# Sticky  HOW TO:Close your classified ads



## Diztrbd1

*As per rule #2 in the rules for posting classified ads (http://www.bcaquaria.com/forum/freshwater-equipment-classifieds-27/read-before-posting-here-3084/) members are asked to close their own classified ads, when they are no longer available. This includes all( FS/FT/FF/LF/WTB) ads. This helps to keep older/unavailable/inactive ads from being bumped up.
Also the rules state no more than 2 active ads per member, in each classified section. More than that means, your ads may be merged or deleted without notice. 

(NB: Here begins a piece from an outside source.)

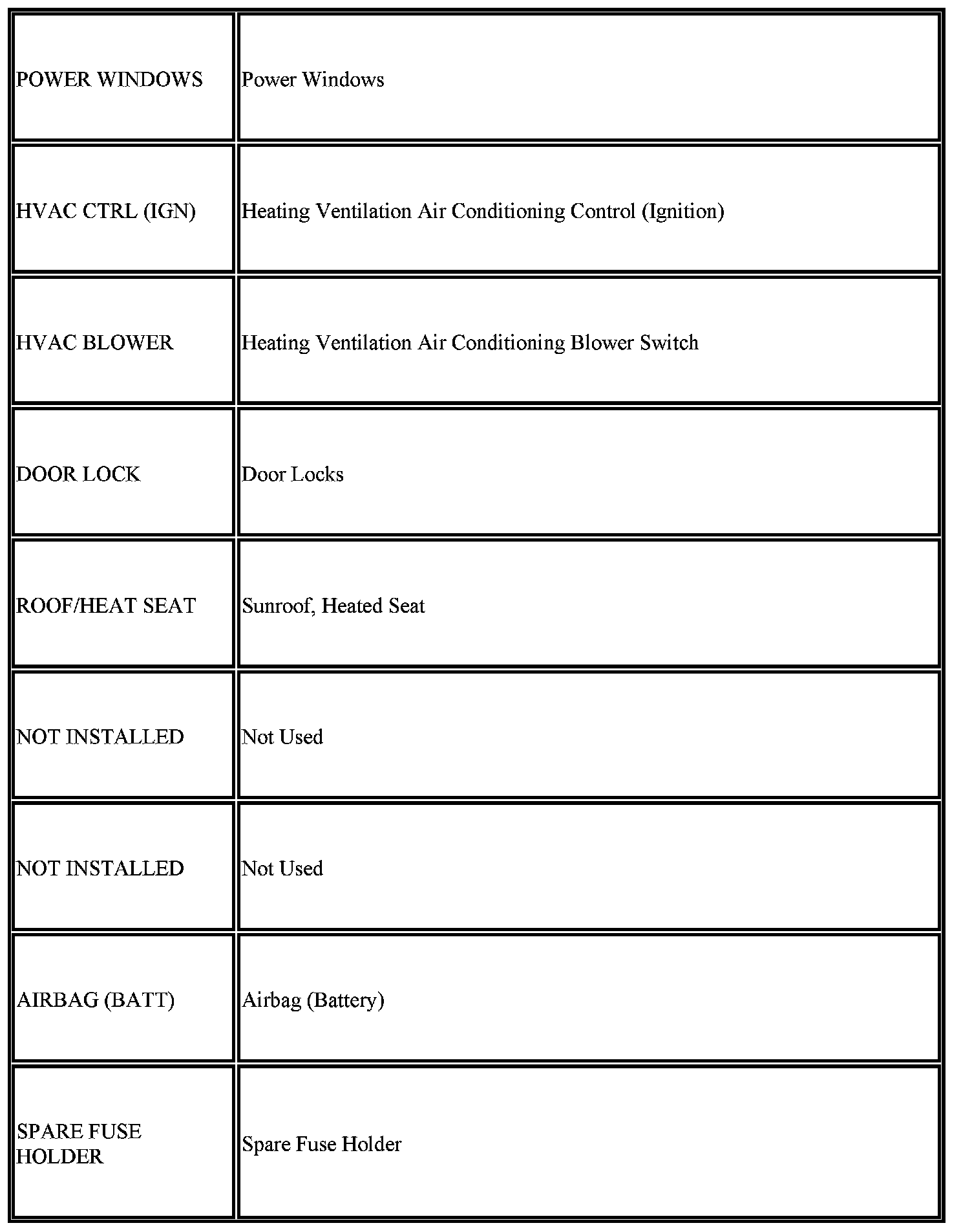 The vehicle may not be equipped with all of the fuses, relays, and features shown.

Here's instructions on how to close your own classified ads:

1)Open the classified ad/thread you wish to close. If you look at the top of the thread, above the last post , there is a menu as pictured below










2) click "Administrative" & the drop down menu will give you the "Close Thread" option

3) make sure the "Close Thread" option is checked, then click "Proceed". At that point your thread will automatically be closed & moved to the Classified Archive section.
* Please note: this does not delete the ad, it simply closes it so it cannot be replied to. It will move it to the Classified Archives which they can still be viewed, for whatever reasons you have.

___________________________________________________________________________________________________

If that option is not available, there is an alternative way to closing your own ads. No sense in bumping them up just to say it's sold or asking for it to be closed when it's easy enough to do yourself.

Here's how:

1) go to the first post in the thread you are wanting closed And click "Edit Post"

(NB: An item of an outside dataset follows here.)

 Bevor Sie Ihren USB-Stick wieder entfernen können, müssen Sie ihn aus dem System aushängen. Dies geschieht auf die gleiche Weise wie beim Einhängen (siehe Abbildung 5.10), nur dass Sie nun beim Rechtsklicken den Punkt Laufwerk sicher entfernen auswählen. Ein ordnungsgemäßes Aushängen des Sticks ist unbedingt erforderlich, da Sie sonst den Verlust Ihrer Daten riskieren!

2) now click "Go Advanced"










3) Scroll down to "Additional Options" under the message box. The last option under, After you submit your message.... is "Moderation Tools", check the "close this thread" box. You do not need to submit any message, if you do it will bump the thread up to the top. You can now click "Save Changes" . Your thread should now be closed and automatically moved to the Classified Archives.










Cheers & good luck with your sales!*


----------